I purchased 3 Mollies and put them in the quarantine tank. After 2 days there were fry, so I removed the adults and fed the fry up until they were twice as big and able to swim fast. Then I put them in the community tank with everybody else (all non-aggressive) fish. They are growing well. My question is: The original 3 Mollies were Marble, but they came from a tank that had various colored Mollies in it. The fry are still "white/non-colored". When will they change color to whatever the parents looked like??*W


----------



## Fishboydanny1 (Jun 13, 2008)

mollies usually keep their colors that they were born with. Mollies are one of the few livebearers that do this, but the males may develop metallic blue or black edging to the fins as they get older...


----------



## newbee (Jan 24, 2010)

Update on these Mollies: They are about 1 inch long now and pure white/silver with some black spots developing on their bodies.
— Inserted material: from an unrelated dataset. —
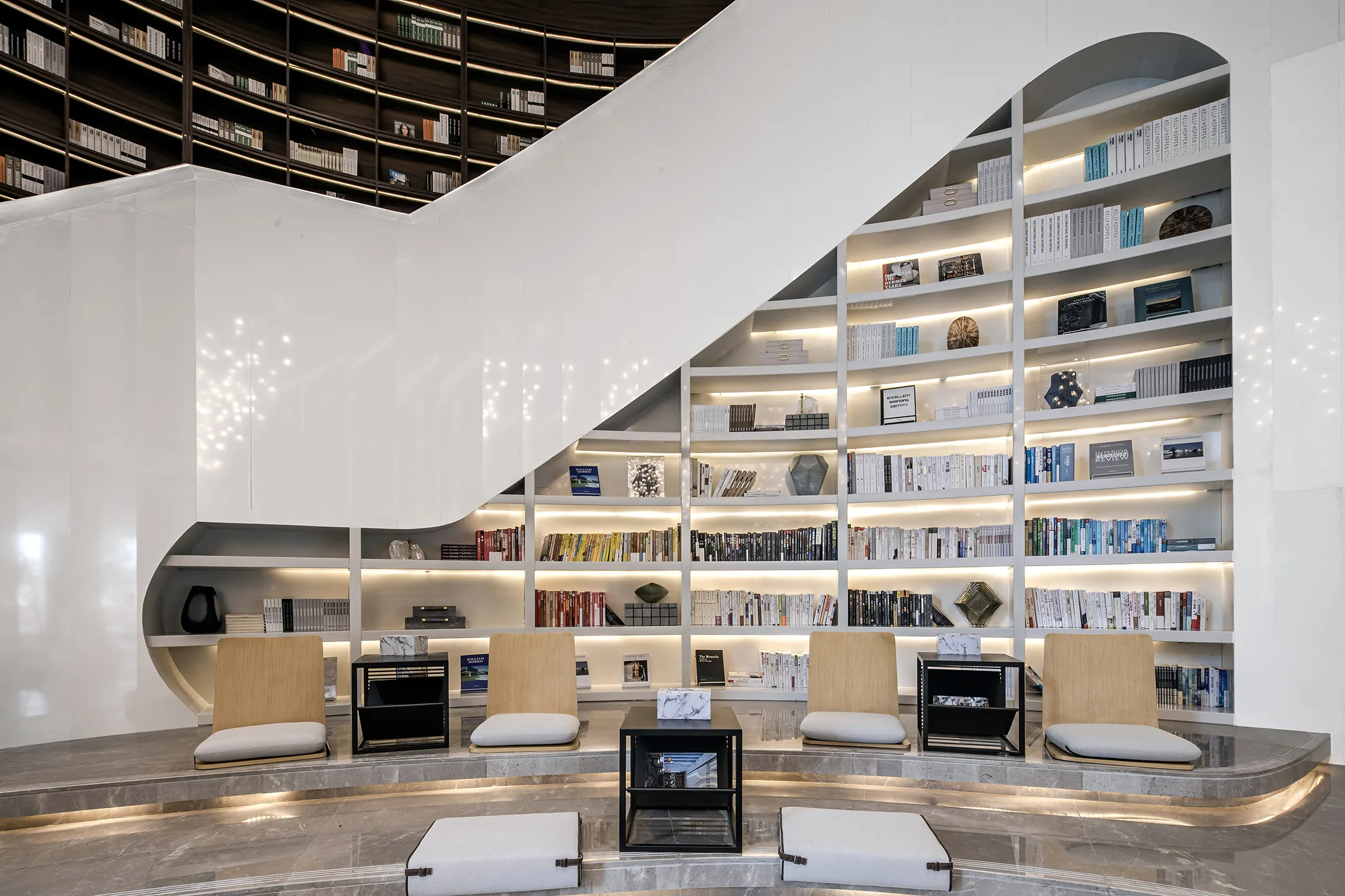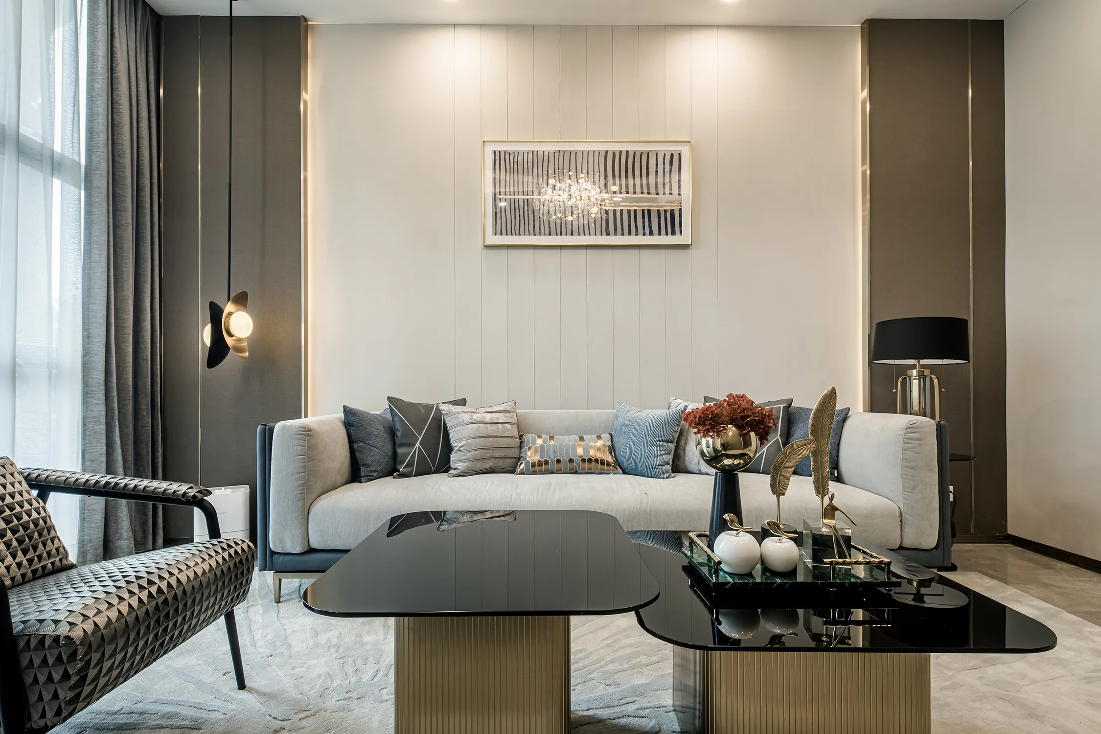 The design of Hesheng Yujingwan's marketing center integrates a modern minimalist style with oriental aesthetics, creating a professional and creative business environment. The open layout is equipped with high-end custom furniture and smart lighting systems, designed to enhance work efficiency and employee satisfaction. Additionally, the design incorporates natural elements such as greenery walls and natural light, adding a unique artistic touch to the marketing center. Featured soft decoration products include modern-style sofas, artistic lighting fixtures, and decorative greenery walls, which not only enhance the aesthetic appeal of the space but also reflect a modern luxurious style.

One of them has a lot more than the others. Is there a color called dalmation? That's what they remind me of.


----------



## ~Mystic~ (Jun 2, 2010)

I have 2 Dalmatian Mollies in my tank. That's what the petshop said they are


----------



## newbee (Jan 24, 2010)

Here's a photo of the young Mollies: 



Can someone tell me when Mollies start to breed?

P.s. You can also see my Leopard catfish under the driftwood in the picture.


----------



## MediaHound (Jul 19, 2006)

Very nice Dalmatian mollies. I personally dont know exactly but probably in a couple months they might be ready to start growing in population. You might want to trade them out and get new bloodlines before they get to that point.


----------